Congrats again on the approval. Maybe to start on the broad label, and this might be a question for Phil. What are the expectations in terms of market access based on your conversations with payers in terms of treatment to trial criteria versus treatment to label? And then my second question is, just looking at the label, are there any limitations around redosing? I know that was a consideration for the confirmatory trial, but that's not required any longer.

Thank you, Jennifer. Thanks for the question. Yes, in terms of discussions with payers, as you would imagine, we've had extensive discussions with them. And there's a high degree of anticipation. I mean, fundamentally, they understand the unmet need. They understand the inappropriateness of surgery as a long-term solution for these patients. They're impressed by the clinical efficacy and the value that this drug will bring as the first and only treatment. So we expect in line with our label that every patient is in a position to benefit from PAPZIMEOS, and we'll be working with payers to secure broad access accordingly.

And Jennifer, in regard to the redosing, as we have been communicating, the FDA has been extremely interested in these aspects. Our pivotal study included obviously a single course of 4 subcutaneous injections of PAPZIMEOS, which could make a lot of scientific sense here to redose the patients to further elevate the immune responses against papillomas to potentially improve the responses in partial or nonresponders and eventually to extend the duration in the complete responders. As published in Lancet Respiratory Medicine, 86% of our patients had a clinical benefit in reduction or elimination of their surgical burden in 12 months after treatment. So based on that, we have a very -- and based on the safety also and the efficacy that has been seen from our pivotal study, redosing makes a lot of sense. And at this point, it will be for physicians to evaluate patients and decide on redosing.
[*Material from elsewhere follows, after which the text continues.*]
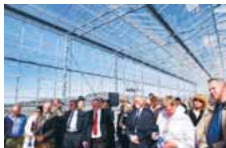
UNDIR GRÓÐURHÚSAÁHRIFUM Í Grænu smiðjunni fengu fjölmargir gestir opunarinnar fyrir helgi að reyna „gróðurhúsaáhrifin“ á eigin skinni, því innandyrnar var vel hlýtt.

And your next question comes from the line of Swayampakula Ramakanth with H.C Wainwright.

Congratulations. I know this is a great -- it's a big win for you folks and also for the patients. A couple of quick questions. So Phil, are these vials a single-use vial or can it be multiple use? And then also in terms of the launch itself, is it going to be in some sort of waves in the sense, initially you reach out to the IDNs and then to the community hospitals and so forth? Or is it going to be a complete launch across the different segments of the patient population?
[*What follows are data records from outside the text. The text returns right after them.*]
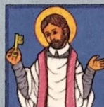
12. Svatý Jan Sarkander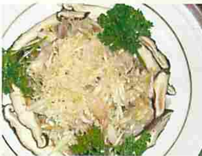
ミョウガといたけのサラダ

新潟県南魚沼郡湯沢町土樽232 TEL.025(787)3047 FAX.025(787)5098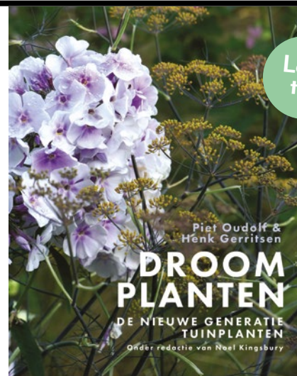
Droomplanten, de nieuwe generatie tuinplanten, Piet Oudolf en Henk Gerritsen, ISBN 9789082683646

Yes. Thanks, RK. So firstly, to the first question, yes, single-use vial. And regarding the launch, no, I wouldn't say it's going to be in waves. We've clearly identified over 90% of the patients and the procedural concentration in the IDNs and the community centers. So our initial footprint includes both. But we do know that the patients are concentrated in those centers. They've been on a tremendous journey for many years and ultimately end up having surgeries at these hospitals. And as I mentioned earlier, of the 500 or so IDNs and community practices that are in the total target list, there are just under 100 of those that represent the vast majority of the potential there, and that's where we'll be focusing our initial work.
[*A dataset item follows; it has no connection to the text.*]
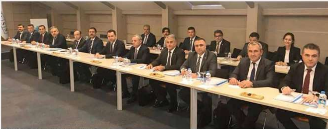
MESS Görüşmelerinde Türk Metal Heyeti.

Sözleşme görüşmelerinin ilk oturumları, bu dönemde anlaşmazlık konusu yapılmayan maddeler üzerinde mutabakat sağlanarak tamamlandı. Müzakerelerin başlangıcından itibaren her oturumun sonunda sendika tarafından sosyal medya ve telefon mesajları ile bildirimler yapılırken, şube

Thank you very much, RK. So with that, I'd like to thank you for taking the time to join us today. We are profoundly grateful to the NIH clinicians, the FDA and most importantly, the patients and families whose trust, commitment and perseverance made this breakthrough possible. The FDA approval of PAPZIMEOS marks a truly historic milestone for the RRP community, delivering the first and the only approved therapy for adults with this rare, debilitating and potentially life-threatening disease. With an estimated 27,000 adult patients in the U.S., this approval represents a fundamentally new era of treatment. This is a proud day for Precigen, especially our team who have worked so hard to bring this to reality. We look forward to swiftly delivering PAPZIMEOS to physicians and patients and to continuing our mission to advance meaningful innovations for those with high unmet needs. Thank you again for participating.

Thank you, presenters. And ladies and gentlemen, this concludes today's conference call. Thank you all for joining. You may now disconnect.